If you want to know anything about snails, ask Lupin. He's our snail expert.


----------



## Kilope

Well, thanks for all the advice, but I think I'm going to return the snail. 
The poor thing just seems miserable (I'm not even 100% sure it's alive, because it's very slight movements around the tank may just be from Ro nudging his shell).

I've moved it into a Ziplock container with some of the tank water, and I'm going to put in some lettuce in an hour or two. 
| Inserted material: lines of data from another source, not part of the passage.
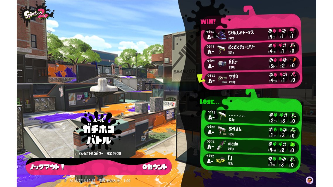 | Name | Weapon | Level | Rank | Inked | k+a/sp | k/d |
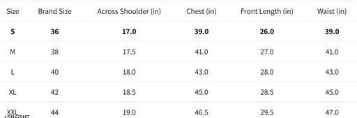 S (Chest Size: 39 in, Length Size: 26 in, Waist Size: 39 in, Shoulder Size: 17 in)
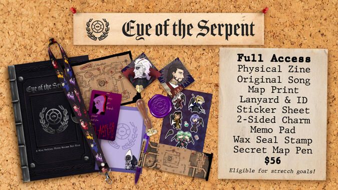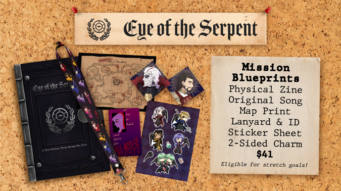 Eye of the Serpent will feature approximately 16 artists, 10 writers, and 5 merch artists.The zine will be available in both a physical and digital form.This is a for-charity zine. Zine proceeds will benefit the Trevor Project. $1 from each item sold will be matched by mods and donated to Billy Kametz's GoFundMe.
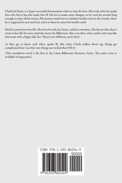 Chad LaChance is a hyper-successful businessman with no time for love. His work ethic has made him rich, but it has also made him ill. He has to make some changes, or he won't be around long enough to enjoy all his money. His mentor sends him to a holistic health resort in the woods, where he is supposed to rest and heal, and it is there he meets his health coach. Heidi Leeman loves her life. She loves her job, her home, and her coworkers. She has no idea there's room in her life for more until she meets the Billionaire. But even then, what could a rich man like that want with a hippie like her? They're too different, aren't they? As they get to know each other, sparks fly. But when Chad's stalker shows up, things get complicated fast. Can they sort things out to find their HEA? (This standalone novel is the first in the Clean Billionaire Romance Series. The entire series is available in large print.)
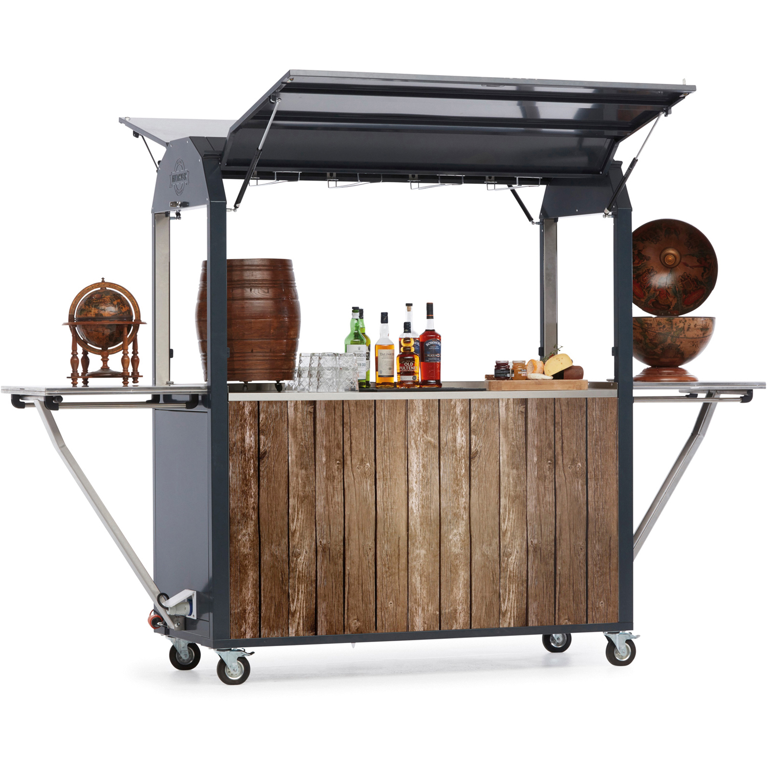 - Geeignet für Getränke und Lebensmittel für Innen- und Außenbereich, - Multifunktionell einsetzbar, - 4 Lagerräder mit Bremse, - Arbeitsflächen aus hochwertiges Edelstahl, - Beleuchtung LED warmweiß ( 0,18 KW), - 6 verchromte Glasschienen, - 2 spritzwassergeschützte Steckdosen (IP54), - Barcooler 330 liter mit 3 Glastüren/Schiebetüren bestellbar unter 437-1030 oder 437-1040, - 2 klappbare Beistelltische aus Edelstahl, - Mit 6 Schlössern gesichert, - Abm.: B 1543 x T 642 x H 1975 mm
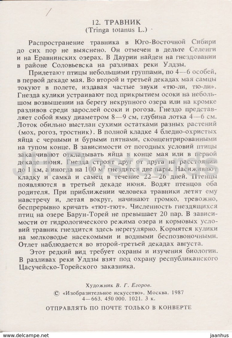Common redshank - Tringa totanus - birds - 1987 - Russia USSR - unused
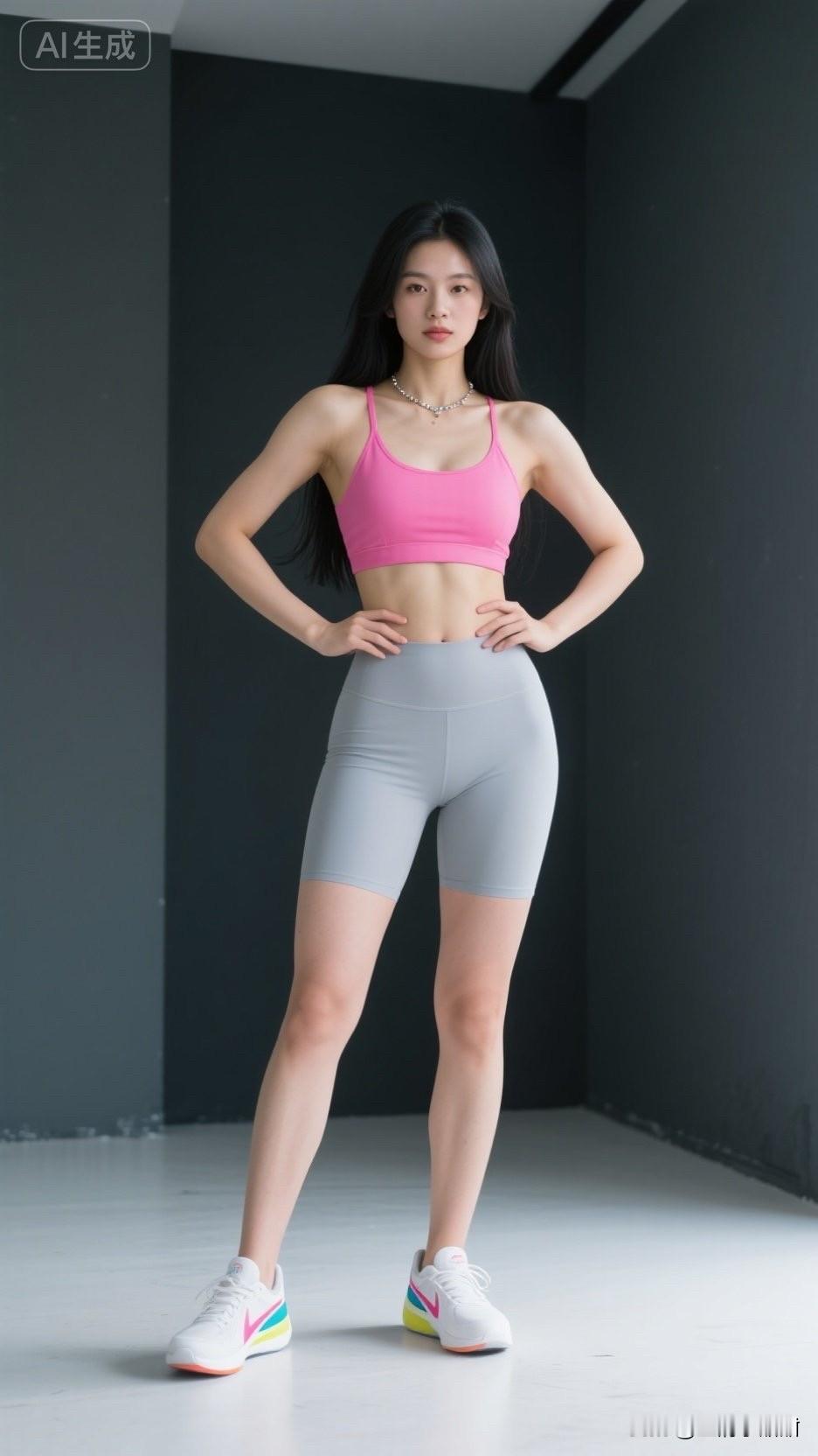 她这身是当下流行的“运动甜酷活力风”穿搭:玫粉运动内衣+浅灰紧身短裤,搭配彩虹元素鞋袜与银色项链,适配健身场景,是现在很火的“亮色单品+细节点缀”思路,既靠高饱和粉衬出元气氛围,又以修身版型显利落线条,自带活力又吸睛的运动气质。
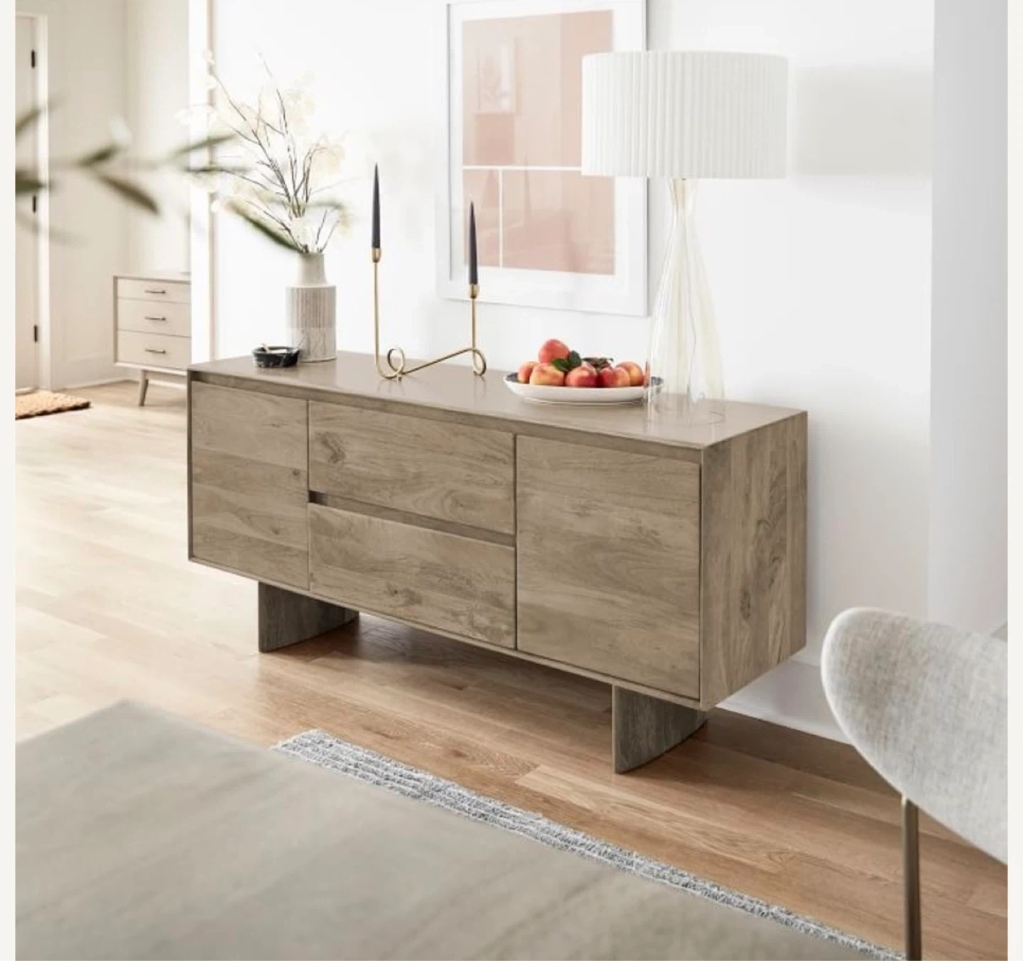 This table lamp features a unique clear glass bottle-shaped base. It's topped with a pleated, neutral-toned lampshade. The lamp provides a warm, diffused light. It's perfect for adding ambient lighting to a living room or bedroom.
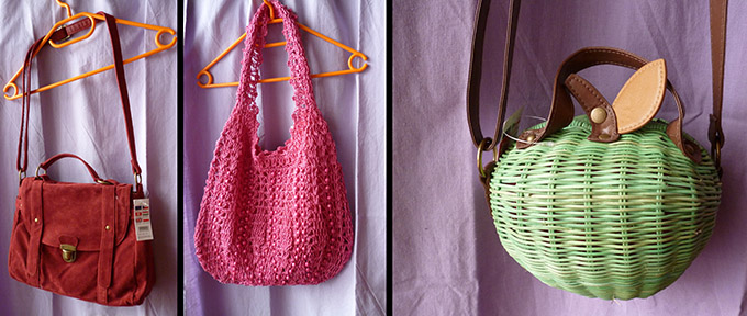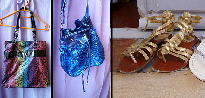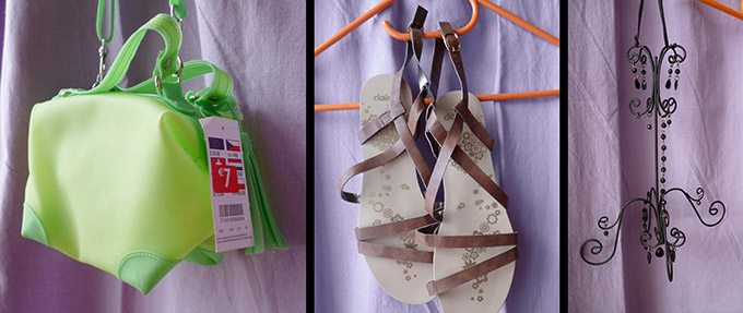 Accessoires ramenés lors de « super démarques »: sacs tendance bling et sandales avec passant pour orteil. A 1 €, pièce, je n’ai pas risqué grand chose. Au pire, une amie ou ma mère récupérait l’objet…
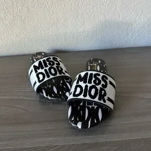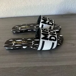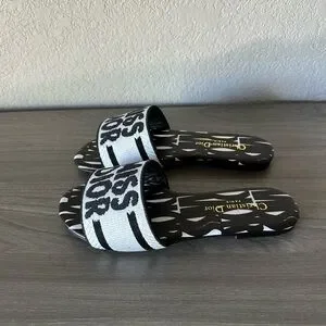 Stylish Dior flats with bold lettering. Comfortable slip-on design. Perfect for casual wear.
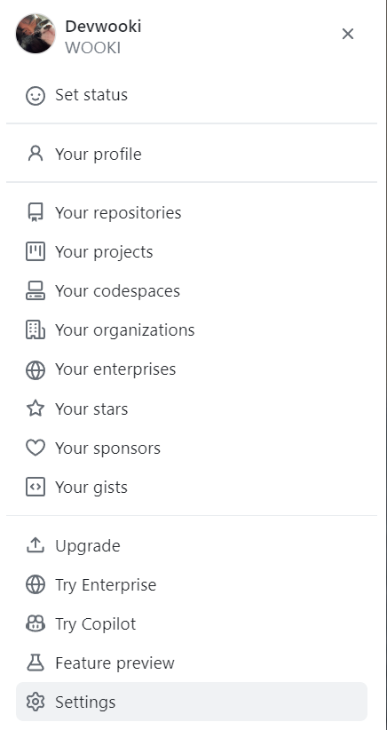 1. GtiHub Personal Access Token 발급하기 - github로 가서 개인 프로필 - ⚙Settings 클릭

I suppose it's for the better, I'm pretty sure I can't take the snail across the border with me when I go to school.

But thanks anyways guys!


----------



## dr2b

Ohh trust me - you would know if it was dead. It would smell HORRBILE if it was dead. You'd know immediately!


----------



## Kilope

Good to know. The snail is definately still alive. I caught it pulling back into his shell.
I'm still pretty sure I'll return it however, I don't think my tank is going to support a happy and healthy snail.


----------



## dramaqueen

Yeah,I've heard that dead snails smell REALLLLLYYY disgusting!! Eeuuuwwww!!!


----------



## dr2b

They do - it is really really REALLY bad. It like sticks to your nose lol. It is amazing how fast they decompose.


----------



## dramaqueen

EEEUUWW! lol


----------



## Lupin

dramaqueen said:


> Yeah,I've heard that dead snails smell REALLLLLYYY disgusting!! Eeuuuwwww!!!


A dozen dead snails in a tub is worse than garbage.:lol:


----------



## dramaqueen

I could imagine!! lol


----------



## Ilovemyshiny

ive always liked snails, always wanted them. when i was little i caught a realllyy big one and had it for like a year and ahalf. now my bf wont let me get any for any of my tanks. because apparently they take over the tank and you can NEVER get rid of them....soo lupin if you want to let me know some good snails i could check into getting.....


----------